In conclusion, the effects of the building permit only occur when the authorized works are received, which is when they enter the civil circuit.

6. Conclusions

In summary, the general rule in administrative law is that third parties who demonstrate infringement of a right or a legitimate interest may apply to the court for the withdrawal of a building permit.

In order to pursue this legal action, third parties will be required to follow the preliminary complaint procedure within 30 days starting from the date of becoming aware of the content of the administrative act, but no later than 1 year from the date of publication of the individual administrative act. However, if it is established that third parties were aware of the content of the contested act after the 30-day period has expired, it will be possible to rely on the plea that the preliminary complaint is out of time which, if upheld, will lead to the dismissal of the action for administrative review as inadmissible.

It is essential that the assessment of third parties' interest, as well as the components of the preliminary complaint mechanism of the bill of lading on the content of the administrative act, are assessed in concreto by the courts, based on the evidence provided by the parties.

In order to re-establish the evidence concerning the moment of notification of interested third parties, it is recommended to install the notice board concerning the Building Permit at the address of the building, to be followed also by a procedure of ascertainment of this fact through the assistance of an approved Court Executor.


MAXIM / Asociații

Călina Tejan și Andreea Talida Ardelean 

[1] Law no. 554/2004 of the administrative contentious defined by art. 2 para. (1) lit. j), the preliminary complaint as "the request by which the issuing public authority or the hierarchically superior authority, as the case may be, is asked to review an administrative act of an individual or regulatory nature, in order to revoke or amend it".

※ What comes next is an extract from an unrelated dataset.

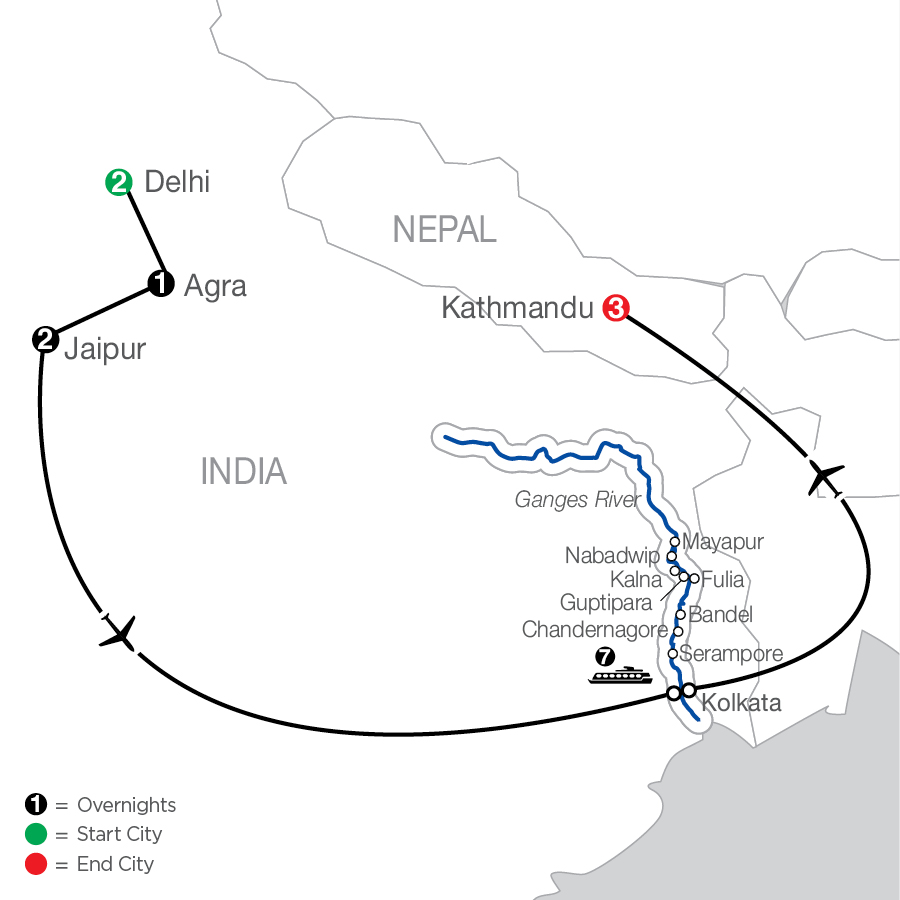 Discover a world of color, culture, and the cherished spiritual heritage of India. Your guided tour of India and Nepal with Ganges River cruise begins in the bustling city of Delhi. You’ll tour the city with your expert Tour Director and take a rickshaw ride through the Chandni Chowk bazaar—brimming with everything from silver and spices to saris of every color. You’ll visit Qutub Minar—the world’s largest brick minaret and see Delhi’s largest Sikh gurudwara (house of worship), before traveling to Agra—site of the legendary Taj Mahal. You’ll encounter more stunning sights with a sunset excursion to the Taj Mahal—the iconic memorial built by Moghul emperor Shah Jahan for his beloved wife. More than 20 years in the making, the Taj Mahal stands as the pinnacle of love’s devotion, where you’ll also have the opportunity to experience this iconic site at sunrise. You’ll continue to the city of Jaipur, with its famous Palace of the Winds, and spectacular Amber Fort, before flying to Kolkata to board your cruise on the Ganges River—the holy river of Hinduism, as it slowly courses through one of the world’s most fertile and populated areas. Along its banks, human life is connected to its waters where you’ll get a glimpse of life apart from India’s big cities. From fascinating muslin weaving in Nabadwip and pottery making in Guptipara, you’ll explore the fascinating Hare Krishna headquarters in Mayapur and visit the stunning Hooghly Imambara upon your return to Kolkata. In Kathmandu, sightseeing is spread over two leisurely days. Visits include Hanuman Dhoka, a UNESCO World Heritage Site, and the Temple of Kumari, residence of the Living Goddess, a child thought to be the reincarnation of a Hindu goddess. You’ll also journey to Patan and Bouddhanath, Nepal’s largest stupa. All of this and more await you on this once-in-a-lifetime guided tour of India and Nepal with a Ganges River cruise.

[2] Article 5 lit. d) of L.265 / 2006: “The state recognizes the right of any person to a healthy and ecologically balanced environment, guaranteeing for this purpose: a) access to environmental information… b) association in organizations for environmental protection, [… ..] d) the right to address, directly or through environmental protection organizations, administrative and/or judicial authorities, as the case may be, environmental issues. "

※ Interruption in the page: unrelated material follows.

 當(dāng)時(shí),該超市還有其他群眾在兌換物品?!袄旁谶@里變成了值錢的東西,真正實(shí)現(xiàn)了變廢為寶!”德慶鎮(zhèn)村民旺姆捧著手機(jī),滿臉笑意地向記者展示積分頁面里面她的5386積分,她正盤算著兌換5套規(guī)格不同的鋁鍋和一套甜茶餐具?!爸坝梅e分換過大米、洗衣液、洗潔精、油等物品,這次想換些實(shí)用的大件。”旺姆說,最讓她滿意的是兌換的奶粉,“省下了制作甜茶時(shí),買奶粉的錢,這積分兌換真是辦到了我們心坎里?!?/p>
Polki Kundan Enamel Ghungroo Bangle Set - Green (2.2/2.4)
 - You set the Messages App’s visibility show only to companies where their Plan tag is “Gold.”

[3] Article 20 para. 1: The competent authority for environmental protection, alongside other central and local public administration authorities, as appropriate, ensures information, public participation in decisions on specific activities and access to justice, in compliance with the provisions of the Convention on Access to Information, Public Participation in Decision-making and Access to Justice in Environmental Matters, signed in Aarhus on 25 June 1998, ratified by Law No 86/2000.

[4] Art. 20 para. 6: "Non-governmental organisations promoting environmental protection have a right of action in environmental matters".